Ci si sarebbe aspettato di più dai
Golden Smog, il supergruppo della no depression generation nato alla fine degli anni ottanta per iniziativa di alcuni membri dei Jayhawks (Gary Louris e Marc Perlman), dei Soul Asylum (Dan Murphy), dei Run Westy Run (Kraig Johnson) che sotto mentite spoglie si divertivano a suonare classici dei loro idoli giovanili: gli Stones, gli Eagles, i Thin Lizzy e i Bad Company. Poi il gioco si è fatto più grande e i Golden Smog hanno cominciato a incidere dischi e ad arruolare compagni di ventura ma non hanno mai fatto il botto, sia a livello commerciale sia a livello artistico. Nel 1992 hanno inciso
On Golden Smog e nel 1996 quello che è considerato il miglior frutto della loro unione,
Down By The Old Mainstream, un intreccio di pop, rock e country con rimandi ai Byrds.
Ci sono state altre incisioni nella loro avventura artistica e nelle loro fila è passato anche Jeff Tweedy di Wilco e uno dei membri fondatori dei Big Star, Jody Stephens. Qualche mese fa è uscito un nuovo album
Another Fine Day ma è passato quasi in silenzio, ora arriva, col titolo che parafrasa il celebre disco di Dylan del 1974, un appendice di quel disco: un ep di otto canzoni che riassumono nel giro di venticinque minuti la gamma delle influenze musicali dei Golden Smog, Le cose rilevanti riguardano una bella e trascinante versione di
Starman del Bowie Stardust e due originali,
Can't Even Tie Your Own Shoes e
Look At You Now che portano a galla una sentita vocazione pop e glam del gruppo, un lato sempre presente nelle loro composizioni fin dagli inizi, giustificato dall'amore verso i Faces, David Bowie, i Mott The Hoople, il rock inglese in generale, i Big Star.
In questo ambito i
Golden Smog ci sanno fare e risultano credibili, senza scimmiottare un genere lo rinfrescano con una buona dose di modernità e gli danno una verve tutta loro.

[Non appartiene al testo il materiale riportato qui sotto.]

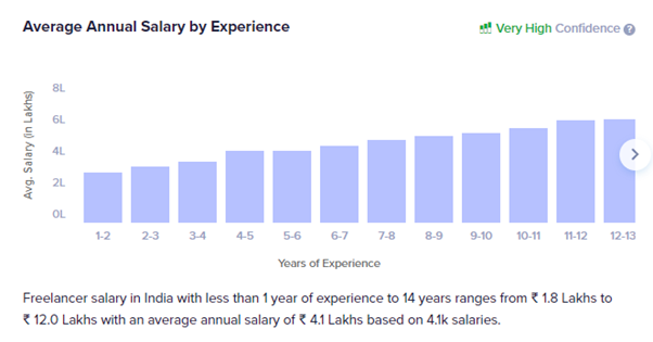 ● The average salary continues to increase with experience. Freelancers with 12-15 years of experience earn an average INR 6.6-6.7 LPA salary.
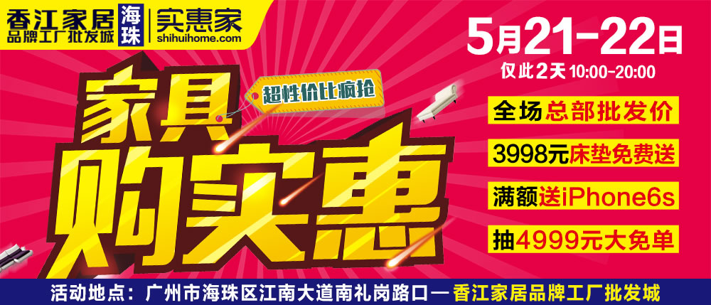 地址:广州市海珠区江南大道南礼岗路口-香江家居工厂批发城(地铁2号江泰路站B1口)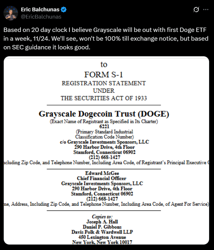 According to Bloomberg ETF analyst Eric Balchunas, Grayscale’s proposed Dogecoin ETF could hit the market as early as Nov. 24, 2025. He’s not “100%” certain, but says that based on current SEC signals, the odds look pretty good. If this thing goes live, it would become the first memecoin ETF in the U.S. — a pretty wild milestone for a coin that started as a joke. The big question, though, is simple: does an ETF actually help DOGE moon again, or is this just another headline in a rough market?

Meno arzilli paiono quando tentano di rifare le Violent Femmes con la scheggia di
Insecure o creano strane alchimie pop (
Scotch On Ice) partendo con Dylan e finendo con coretti e voci alla Beatles o addirittura tentano la carta della lounge music con un intermezzo strumentale (
Magician) al ritmo di samba.
Nella cover di
Tarpit dei Dinosaur Jr. riescono invece a ricreare il paesaggio lunatico e acustico del gruppo di J.Mascis, rispettandone l'andamento un po' stranito e sballato e dove fanno veramente bene è in
Without A Struggle che ha belle chitarre acustiche e slide (Dan Murphy e Kraig Johnson), voci giuste, un'armonica in sottofondo e quella dolente atmosfera bluesy che ricorda gli Stones influenzati da Gram Parsons, No Expectations per intenderci. Un aspetto che i Golden Smog dovrebbero esplorare più a fondo.